Providing bespoke care nationwide for clients with spinal injuries and neurological conditions

03 Jun

What are the differences between complete and incomplete spinal cord injuries?

No two spinal cord injuries are exactly alike. The amount of feeling and function a person retains after a spinal cord injury (SCI) depends on the nature and extent of the injury.

The spinal cord is a bundle of nerves extending from the brain down the backbone. Pairs of nerves branch off from the spinal cord at each vertebra. These nerves are the control and sensation pathways from the body to the brain.

The nerves correspond to areas of the body and, broadly, the higher pairs of nerves service the higher parts of the body, and the lower nerves lead to the lower parts.

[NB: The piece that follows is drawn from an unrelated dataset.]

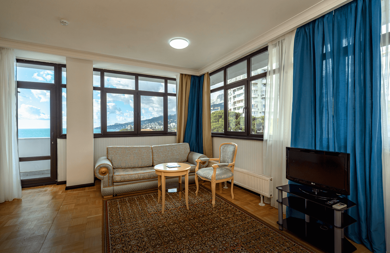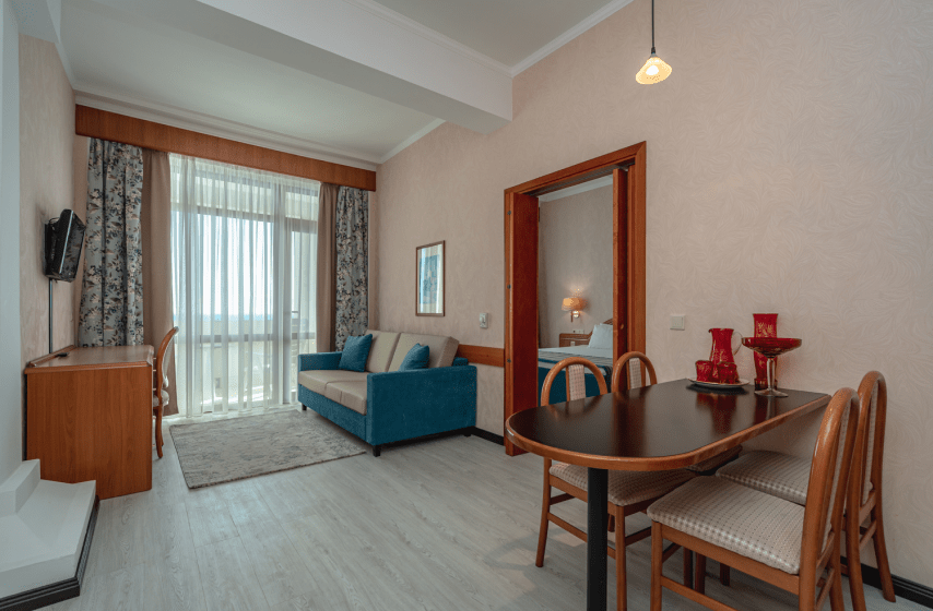 Двухкомнатный люкс площадью 42 квадратных метра на четвёртом этаже второго корпуса сочетает функциональность смежной планировки с панорамным остеклением южной ориентации. Двуспальная кровать в спальне дополняется парой прикроватных тумбочек и туалетным столиком, гостиная зона включает раскладной диван для дополнительных гостей, два кресла, сейф и обеденную группу с журнальным столиком. Комплект посуды и электрочайник обеспечивают самостоятельность приёма пищи. С балкона просматриваются зелёные насаждения парка «Чаир» и линия морского горизонта. Техническое оснащение представлено индивидуальным кондиционером, ламинатным покрытием, мини-баром, телефоном и парой жидкокристаллических телевизоров для каждой зоны номера.

The nerves accountable for sensation are quite complicated; different nerves are responsible for different types of physical sense. A person with an incomplete spinal cord injury may lose their ability to detect changes in temperature, but may retain the ability to feel pressure.

Being able to feel vibration is a specific sense that can be lost. People with certain spinal cord injuries may also experience ‘phantom’ pains or sensations, such as pins and needles even where no functional sensation pathway exists.

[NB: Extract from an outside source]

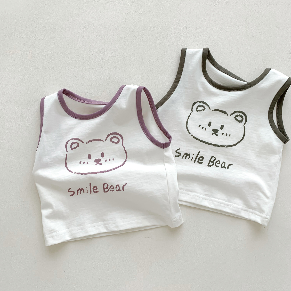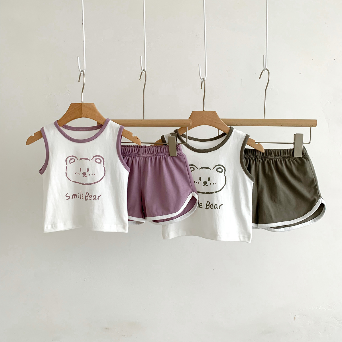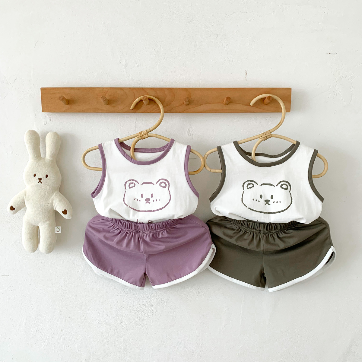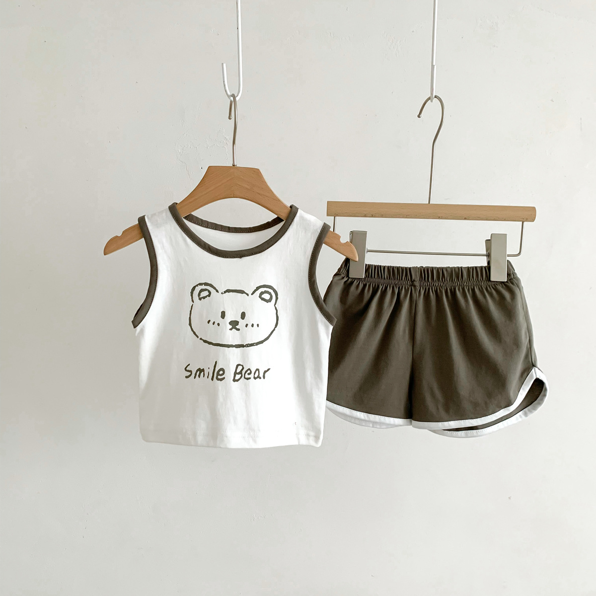 G23051620男女童夏季薄款背心短褲套裝-卡通熊印花無袖兩件套裝

Another sense that can be impaired by an SCI is proprioception – the body’s innate sense of the position of every part of itself – the sense that means we know where each part of our body is in relation to the rest. If you close your eyes and extend your arm then try to touch the tip of your nose, you’re using proprioception.

Damage to the spinal cord affects the nerves from that point down, not just the nerves at the point of injury. It can affect sensation, coordination, movement and motor ability. Depending on its level and severity, spinal cord injury in most situations causes continence and sexual function issues.

Severe spinal cord injuries can make people more likely to be affected by other conditions. A person who cannot clear their own chest secretions by coughing is at risk of chest infections, and a person who has reduced sensation can be at risk of skin and tissue damage from pressure or moisture.

The term ‘spinal cord injury’ describes a spectrum of effects, but people with significant impairment from spinal cord injuries will need specialist support for many activities of daily living.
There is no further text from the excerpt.